Provided material START

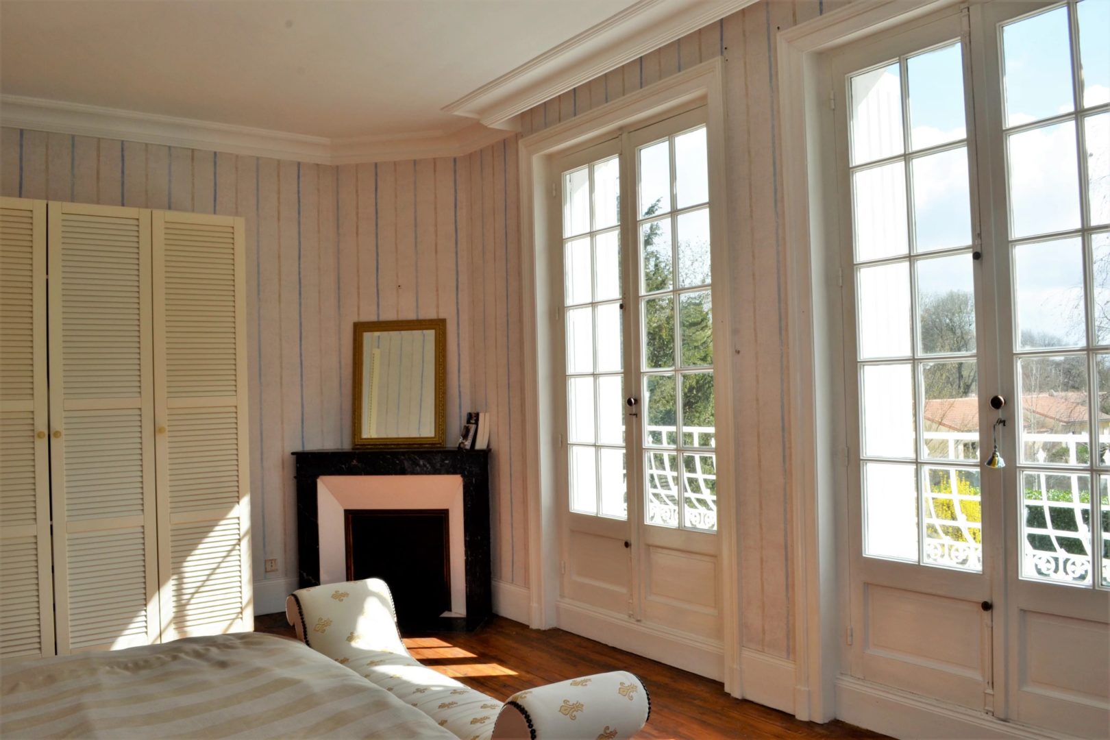– Lumineux salon de 24 m² sur parquet avec cheminée
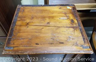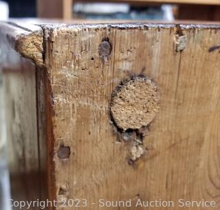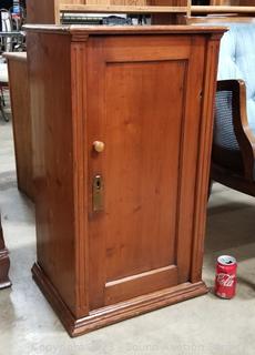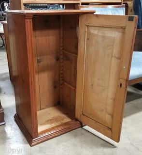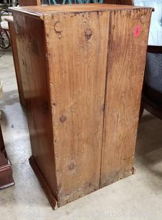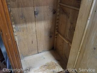 Lot Details: No hardware for lock, Looks very old, has rails for 2 shelves but no shelves. 34.5" H x 17.5" W x 15" D.
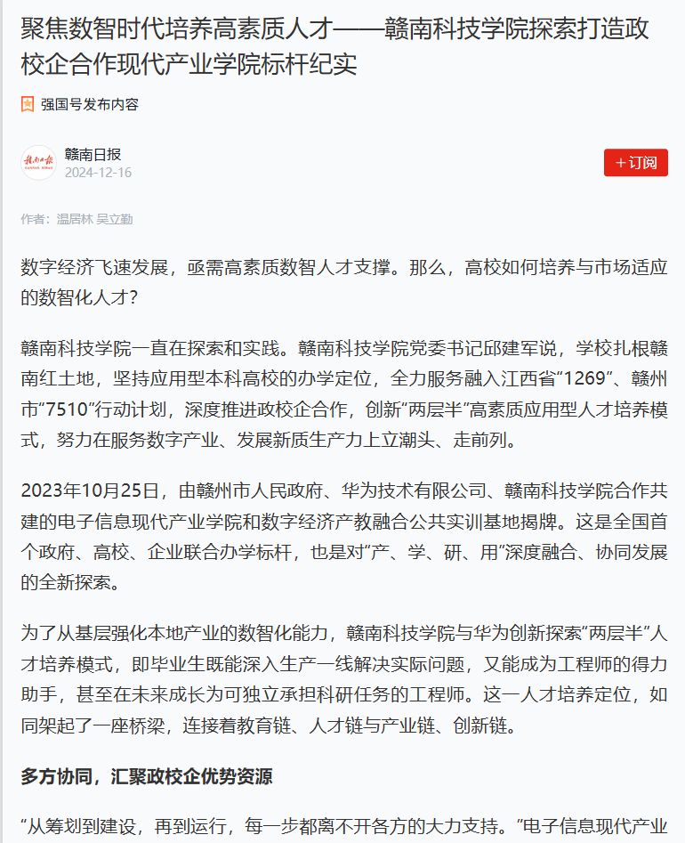 2023年10月25日,由赣州市人民政府、华为技术有限公司、248cc永利集团合作共建的电子信息现代产业学院和数字经济产教融合公共实训基地揭牌。这是全国首个政府、高校、企业联合办学标杆,也是对“产、学、研、用”深度融合、协同发展的全新探索。
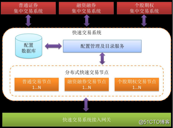 个股期权快速交易节点由配置数据库、配置管理及目录服务、交易节点三个模块组成,在系统设计上,交易节点允许分布式独立部署,每个交易节点均可自由指定服务的客户范围。

Provided material END

What the exercise asks
Skip every picture and retype only the lines from the line with "Lot Details: No" through the last line of the listing, both ends included, exactly as they appear.

Solved exercise
 Lot Details: No hardware for lock, Looks very old, has rails for 2 shelves but no shelves. 34.5" H x 17.5" W x 15" D.
 2023年10月25日,由赣州市人民政府、华为技术有限公司、248cc永利集团合作共建的电子信息现代产业学院和数字经济产教融合公共实训基地揭牌。这是全国首个政府、高校、企业联合办学标杆,也是对“产、学、研、用”深度融合、协同发展的全新探索。
 个股期权快速交易节点由配置数据库、配置管理及目录服务、交易节点三个模块组成,在系统设计上,交易节点允许分布式独立部署,每个交易节点均可自由指定服务的客户范围。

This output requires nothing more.